13:48Our training data has to include these because a lot of agentic tasks are simple, right? It also includes the more complex multi-step multi-turn function calls. So imagine, you know, more and more today agents are dealing with tasks that require multiple steps. So that require a lot of engagement with the user. We have a lot of data similar to
14:08what you just saw that that takes more steps, that takes more interaction with the user. And finally, our data set had to be diverse across a wide range of tools, a wide a wide range of APIs, a wide range of domains so that the so that the model could really learn how to navigate lots of different tools.
14:30Now that type of data you saw, action data, it's not everywhere. It's actually pretty it's pretty new actually. So the big question is the big question we had was how do we get that data? Think about it. It maybe if if you were to brute force this, you could yourself think of a few tasks your end users do. Write the
14:52API calls. Maybe there's some other ways to to maybe there's some ways to generate a few examples like this. You could think of maybe with some annotators you could you could think of some ways to generate this data. But we need this at scale because we're training models, right? We need to create thousands of these and we need to
15:08be able to create thousands of these for lots of new new use cases all the time for lots of new domains. And so what we created is an open-source data generation pipeline for exactly this everyone. It's called API genen.

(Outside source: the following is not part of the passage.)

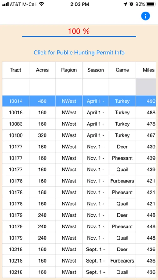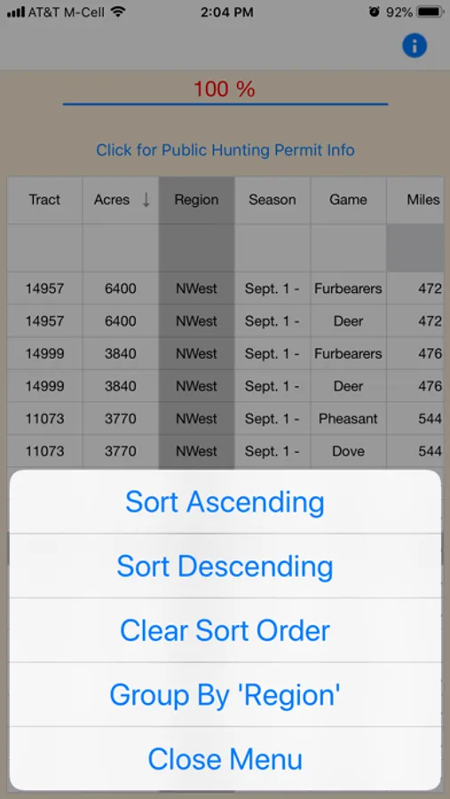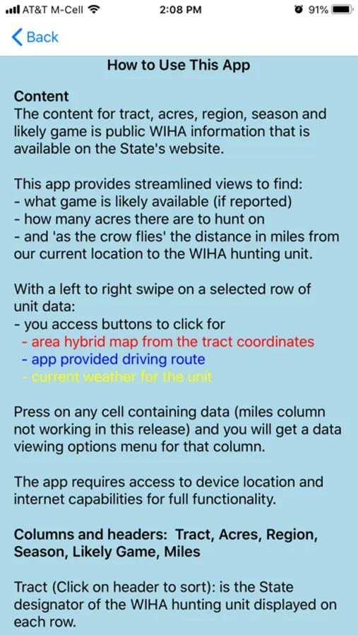 The content for this app is gathered from the State's public hunting resources. The content displayed is the public hunting area or lease, acres, State hunting region and the legal game that is available to hunt in each unit.

15:27And this is our this is our framework. This is our pipeline that we use to train the models that you just saw on that leaderboard. This is it. And step one of this framework involves LLM gener generation of tasks and tool calls. So we do use LLM to help synthesize some of this data. But as you can imagine, LMS
15:46make mistakes, LM hallucinate. We can't just rely on that. That would be lowquality data. We have a second step, and that's where all the work gets done.
15:54Lots of different levels of verification, whether it's actually calling the API calls that that the LLM suggested to make sure they're valid.
16:01Lots of different error checking. Um there's LLM committee evaluations. That's where all the quality happens.
16:08And in that step, points are actually going to be removed are going to be thrown out if they if they are not at a certain quality. Then we step three, we added in simulated conversation as well.
16:20That's how we make the the these action data points look realistic and capture the nuances of actually of actually interacting with the user.
16:31And everyone, as I mentioned, these are both open source. Feel free to check feel free to scan these QR codes to check them out yourself. So the XLAM will take you to our hugging face page.
16:40You'll be able to see all the models um that you can download and try. The API gen will take you to our API gen technical report. You can see how we build it. You can check out our GitHub to actually try the framework yourself.
16:52And there's samples of what this data actually look like that we use to train these top performing small language models. Thanks so much everyone.